• Exercise directions
The entire listing, reproduced exactly and stripped of images, is the expected output.

• Data provided
- Opening Delimiter -
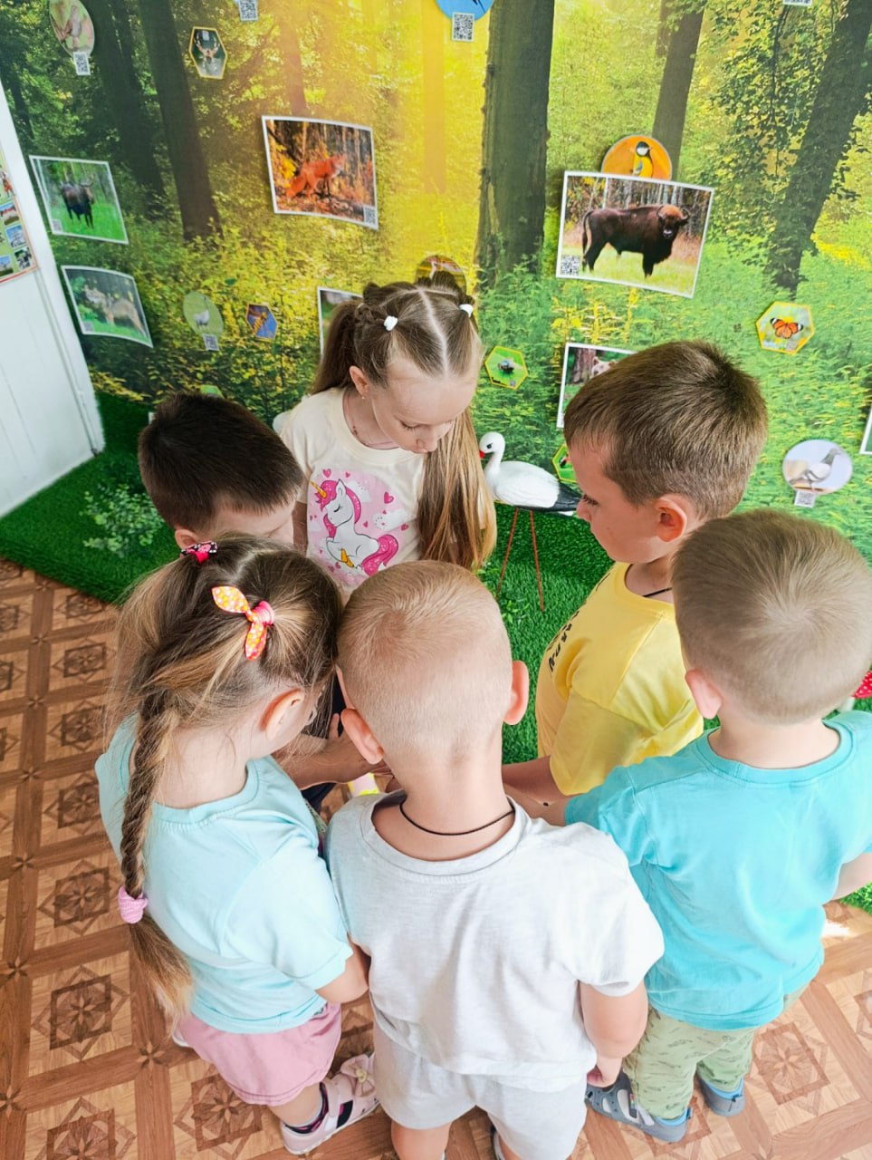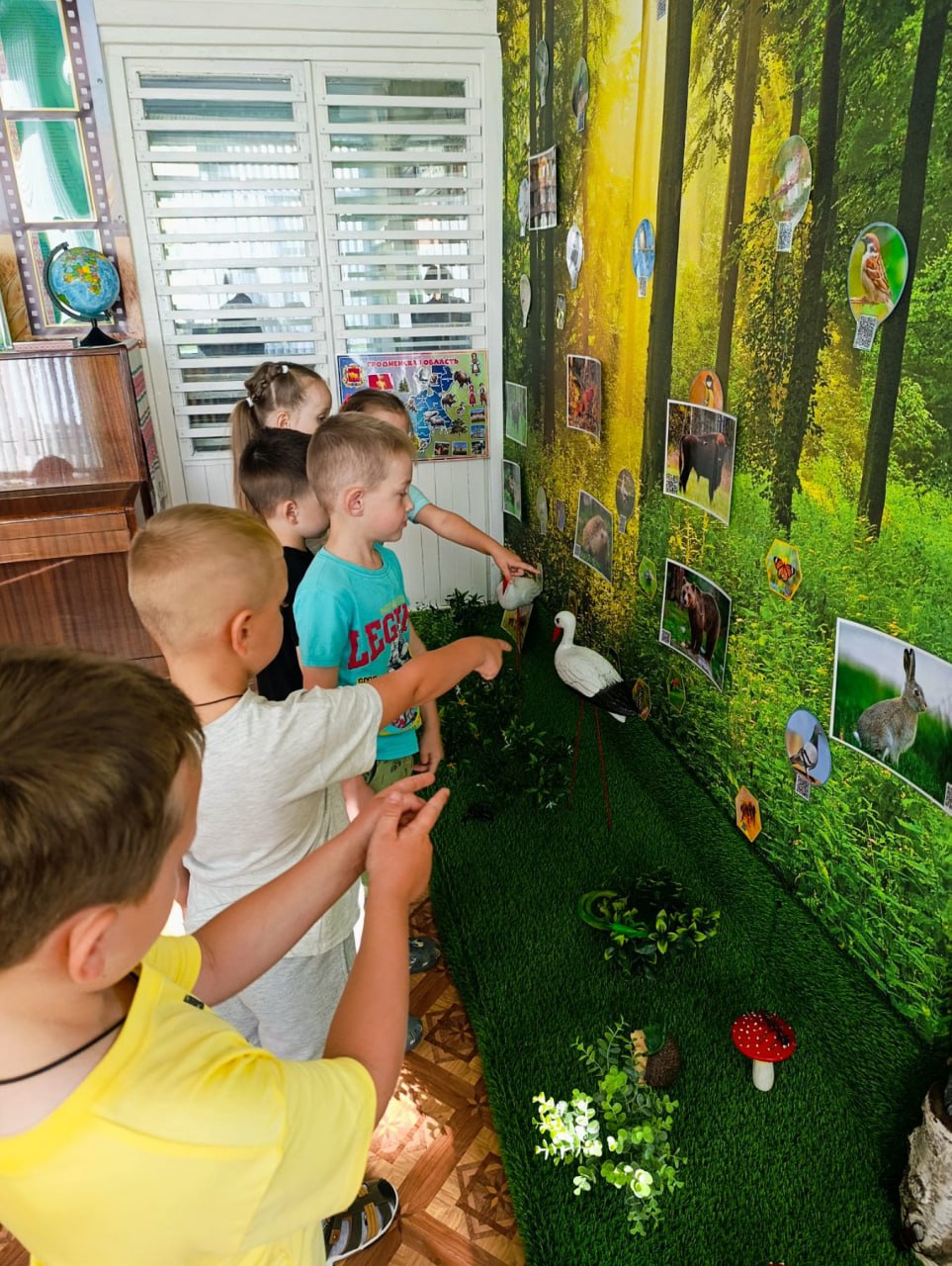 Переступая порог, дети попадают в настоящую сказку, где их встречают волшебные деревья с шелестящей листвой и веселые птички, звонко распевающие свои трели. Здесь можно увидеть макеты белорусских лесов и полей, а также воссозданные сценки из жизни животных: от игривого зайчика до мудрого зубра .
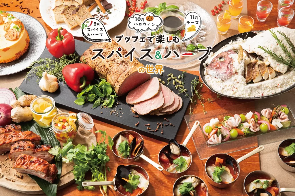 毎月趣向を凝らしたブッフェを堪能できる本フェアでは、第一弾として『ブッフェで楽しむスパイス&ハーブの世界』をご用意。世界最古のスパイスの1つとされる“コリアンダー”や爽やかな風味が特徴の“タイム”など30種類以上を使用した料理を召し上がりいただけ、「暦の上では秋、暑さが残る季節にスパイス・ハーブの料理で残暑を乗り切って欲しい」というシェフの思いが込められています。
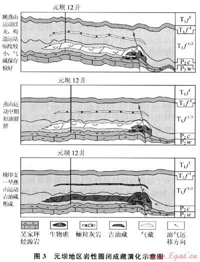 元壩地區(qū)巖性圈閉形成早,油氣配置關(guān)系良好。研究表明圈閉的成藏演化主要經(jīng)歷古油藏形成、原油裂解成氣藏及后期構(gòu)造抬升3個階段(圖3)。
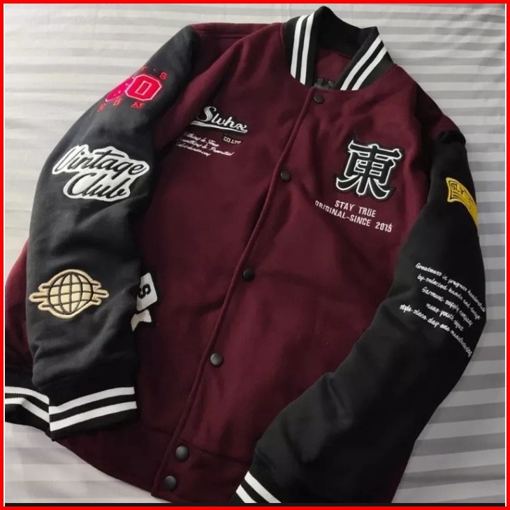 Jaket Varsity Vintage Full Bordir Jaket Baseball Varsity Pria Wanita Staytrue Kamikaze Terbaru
- Closing Delimiter -
• Your response
 Переступая порог, дети попадают в настоящую сказку, где их встречают волшебные деревья с шелестящей листвой и веселые птички, звонко распевающие свои трели. Здесь можно увидеть макеты белорусских лесов и полей, а также воссозданные сценки из жизни животных: от игривого зайчика до мудрого зубра .
 毎月趣向を凝らしたブッフェを堪能できる本フェアでは、第一弾として『ブッフェで楽しむスパイス&ハーブの世界』をご用意。世界最古のスパイスの1つとされる“コリアンダー”や爽やかな風味が特徴の“タイム”など30種類以上を使用した料理を召し上がりいただけ、「暦の上では秋、暑さが残る季節にスパイス・ハーブの料理で残暑を乗り切って欲しい」というシェフの思いが込められています。
 元壩地區(qū)巖性圈閉形成早,油氣配置關(guān)系良好。研究表明圈閉的成藏演化主要經(jīng)歷古油藏形成、原油裂解成氣藏及后期構(gòu)造抬升3個階段(圖3)。
 Jaket Varsity Vintage Full Bordir Jaket Baseball Varsity Pria Wanita Staytrue Kamikaze Terbaru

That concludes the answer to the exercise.